José Antonio Fernandes Martins completou 89 anos na semana passada, e o empresário que é sinônimo de relações institucionais da indústria da Serra está em plena atividade. Após mais de dois anos de pandemia, voltou a viajar para São Paulo e Brasília, onde trabalha na articulação das demandas do setor de mobilidade e da área da saúde.
Desde que deixou de atuar dentro da Marcopolo há três anos, Martins tem se dedicado mais ao negócio comandado pela família, a R2 IBF, que atua no segmento de medicina nuclear, e vai abrir duas novas fábricas no país.
Vice-presidente da Federação das Indústrias do Estado de São Paulo e presidente do Sindicato Interestadual da Indústria de Materiais e Equipamentos Ferroviários e Rodoviários (Simefre), Martins pretende voltar a articular um dos projetos que mais o projetou na história recente da fabricante de ônibus caxiense: o projeto dos ônibus escolares.
A seguir, além destas frentes, Martins destaca também outros de seus investimentos, como em quadros e vinhos, além de comentar sobre o que vislumbra no cenário macroeconômico para o perfil industrial regional. Confira a entrevista:
Como está a rotina de trabalho aos 89 anos?
Em março de 2019, encerrei minhas atividades na Marcopolo. Mas há 10 anos eu já tinha começado a R2 IBF de medicina nuclear. Compramos um cíclotron, equipamento que fabrica o fármaco FDG 18, que é o produto que tu injetas no sistema linfático para poder fazer o exame PET Scan, uma tomografia que, para ter a imagem, precisa dessa espécie de contraste, só que é nuclear. Começamos com esse negócio em Porto Alegre. Depois, médicos de São José do Rio Preto (interior de São Paulo) queriam fazer uma empresa semelhante e fizemos uma parceria. Fizemos após uma fábrica no Rio de Janeiro. E aí surgiu uma empresa em Curitiba que queria vender e nós compramos. Com tudo isso, montamos uma holding, em que ficamos com 60%. Estamos com quatro fábricas no país. Nós já compramos o terreno, e estamos em fase de construção de uma nova unidade em Vitória do Santo Antão (em Pernambuco), perto de Recife. Deve ficar pronta em um ano. Neste meio tempo, aqui no Rio Grande do Sul, a PUC também tinha um cíclotron no Instituto do Cérebro para pesquisa e eles nos procuraram porque queriam entrar no mercado. Fizemos uma negociação para, por 10 anos, representar o InsCer (Instituto do Cérebro), nós fazemos a venda de todo o material. Aí nós vamos levar nosso equipamento de Porto Alegre para o Nordeste. E vamos transformar a fábrica gaúcha para atuar com outros fármacos. E, paralelamente, estamos com terreno comprado em Mogi das Cruzes (também no interior de São Paulo) para uma nova fábrica. Vamos ficar com seis unidades.
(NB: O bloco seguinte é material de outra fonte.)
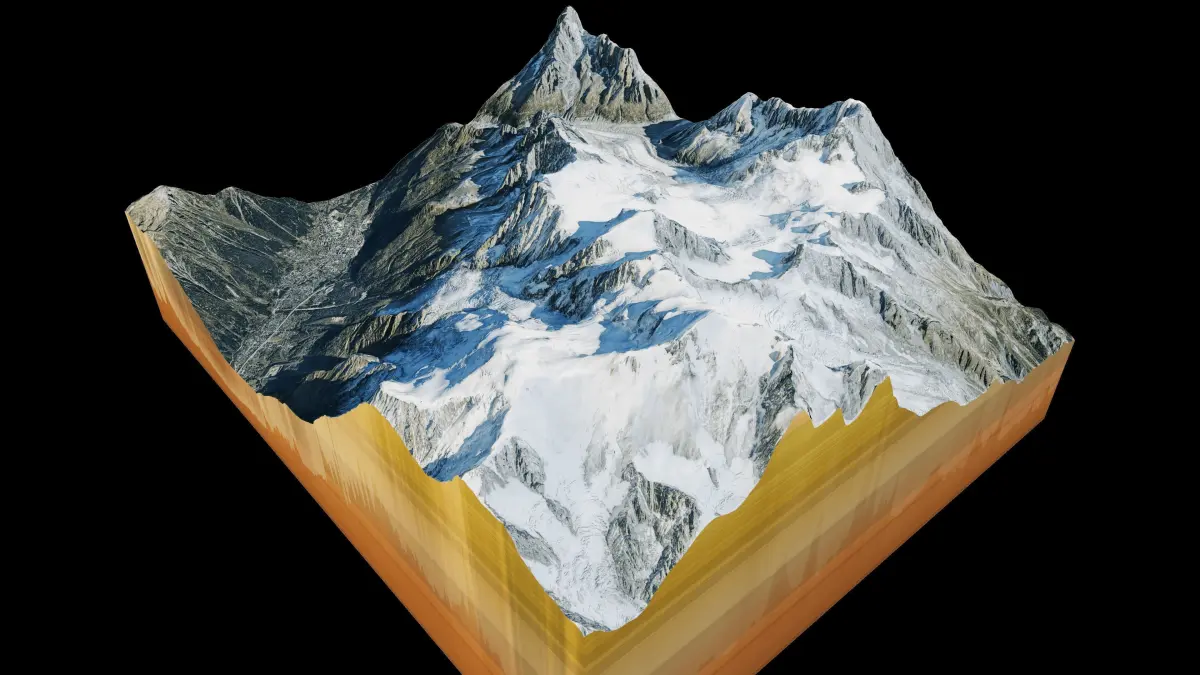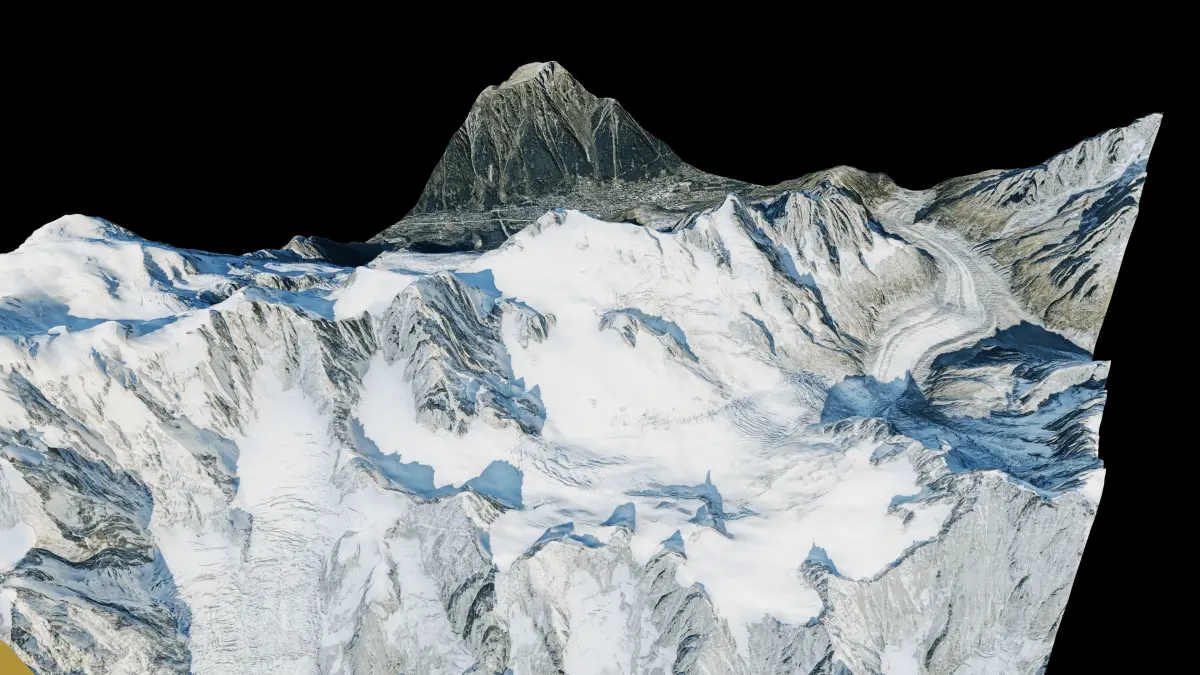 Aiguille du Midi mountain peak 3d model terrain, Aiguille du Midi mount 3d landscape model

O mercado de medicina nuclear está demandando muito?
Estamos fabricando 8,3 mil doses por mês. E de um outro fármaco específico para próstata são em torno de 400. No ano passado, o número de processos cancerígenos no Brasil atingiu em torno de 650 mil casos. Segundo especialistas, 70% dos doentes morrem por não terem um diagnóstico precoce, porque ele é caro e o SUS paga estes tipos de exames apenas para três tipos de cânceres. Nós queremos trabalhar para colocar no SUS todos os processos cancerígenos e aí, talvez, possamos até reduzir o preço.
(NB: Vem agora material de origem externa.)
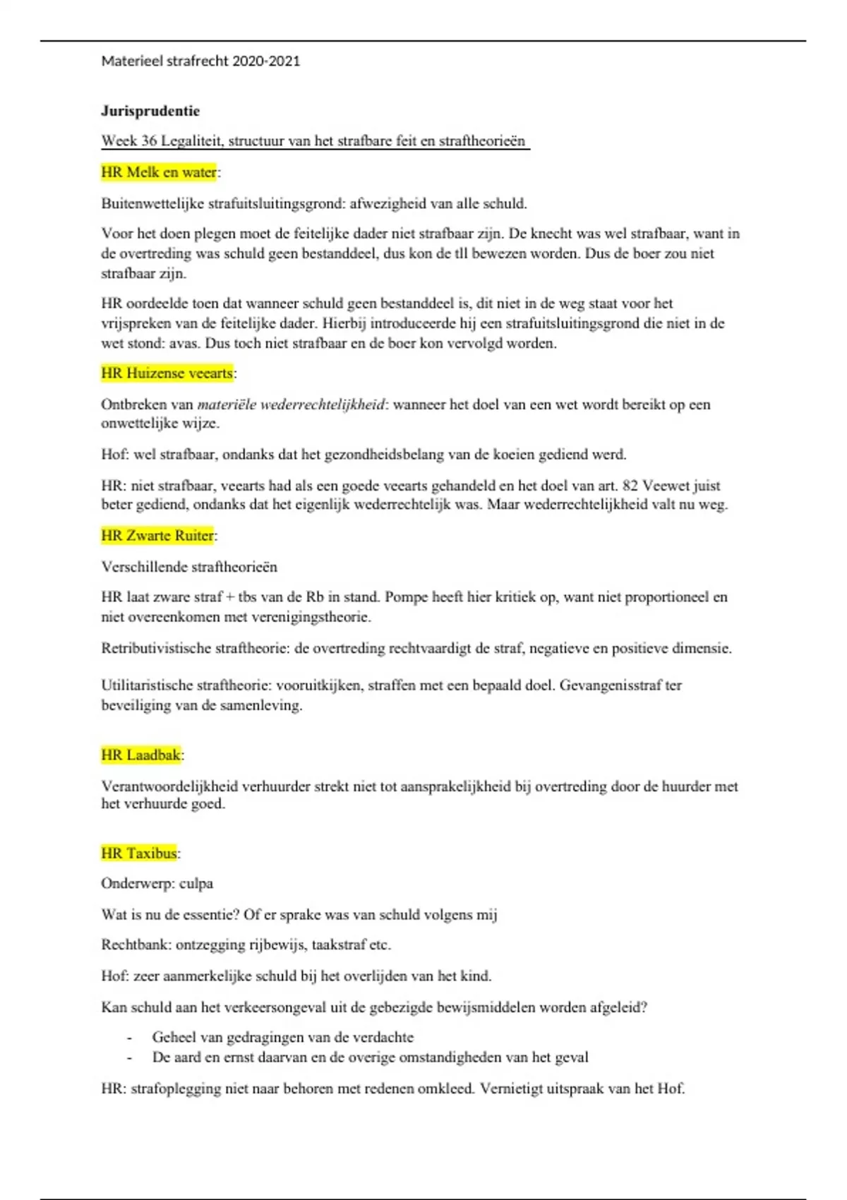 Week 36 Legaliteit, structuur van het strafbare feit en straftheorieën

Como foi mudar do setor de ônibus para o de saúde?
Eu, na realidade, sou um médico frustrado. Eu sempre quis ser médico, mas me encontrei com um amigo que estava no primeiro ano de Medicina no necrotério, que era do lado da escola de Engenharia, e ele disse assim: “Tu queres fazer vestibular para Medicina? Vamos ali no necrotério que vou te mostrar anatomia.” Eu fui lá e encontrei cabeça para um lado, braço para outro... Saí tão apavorado que atravessei a rua e me matriculei na Engenharia. Mas eu sempre tive essa tendência para a saúde.
Quem são os principais compradores, tem hospitais públicos também?
Para o governo vendemos pouco. Aqui no Rio Grande do Sul o único hospital público é o Clínicas. O resto é tudo hospital privado. Nós temos o Albert Einstein, o Sírio-Libanês, o Camargo (Câncer Center, de São Paulo). As grandes corporações são os nossos maiores clientes.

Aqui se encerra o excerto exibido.